In this study, the agreement between the CNN-based and ground-truth masks was higher for the left kidney than for the right kidney. This result contrasts with that of a previous study that used T2-weighted images for automatic kidney segmentation13 and could be caused by the factors described above. Incorrect segmentation of the medial upper portion of the contralateral kidney was more frequently observed in the right kidney than in the left. This may be because the adjacent fat region and the aforementioned area of signal intensity similarity were wider in this part of the left kidney than in the right kidney. In addition, the adjacent psoas major muscle could be partially oversegmented in the segmentation of the right kidney, which might also be due to the similarity in signal intensity and pattern between the right psoas muscle and kidney.

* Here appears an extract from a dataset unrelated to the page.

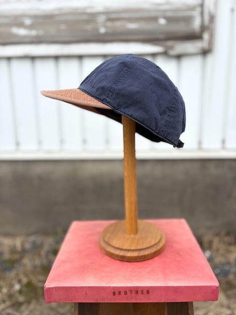 クラウン(帽体)にチノ素材、ブリム(ツバ)にオックス素材と、色だけでなく素材も2種類の異組織生地を使用した配色のキャップです。

This study explored the feasibility of the automatic segmentation of both RD and non-RD kidneys. The general trend of mis-segmentation in RD patients was the same as that in non-RD patients; however, oversegmented areas in the medial renal region tended to be wider than in non-RD patients. A relative increase in fat in the retroperitoneal region due to renal atrophy in the RD could lead to the absence of neighboring organs that serve as hints and exacerbate segmentation accuracy. Furthermore, irregular deformation or atrophy and reduced corticomedullary contrast can result in poor segmentation accuracy. However, inferior results were observed in unilateral kidney segmentation. Good segmentation accuracy was confirmed in the segmentation of both kidneys, which was comparable to that in a previous report13.

Our study had several limitations. First, we retrospectively enrolled 170 patients from a single institution, which had a small sample size with an imbalance between the RD and non-RD groups. A larger number of patients with more balanced groupings is needed to validate these results. Second, because we excluded patients with renal lesions, some important renal diseases such as polycystic kidney disease were ignored in this analysis, which could have caused selection bias. Third, because the data were analyzed using the internal cross-validation method because of the limited number of patients, further investigations using an independent external validation cohort should be performed. Finally, we could not analyze other Dixon-based images such as FO images and fat fraction ratio maps because they were not available for all patients.

Furthermore, T2-weighted images could not be used in this study because they were scanned in the axial or coronal planes in our routine sequence. In a recent report, T2-weighted images provided better quality and reproducibility for TKV assessment than T1-weighted images in patients with polycystic kidney disease16. Therefore, segmentation using these sequences should be examined in the future to compare their performance.

In conclusion, we developed a 3D CNN-based automatic kidney segmentation method for patients with CKD using MRI Dixon-based T1-weighted images. The overall accuracy was good for bilateral kidney segmentation. Slightly worse results were obtained for unilateral kidney segmentation, and the results were worse in both groups than in the non-RD kidneys only, particularly when segmenting the right kidney and OP images. These computer-assisted segmentation tools may be used in future studies on TKV measurements and image analyses in a large number of patients with CKD.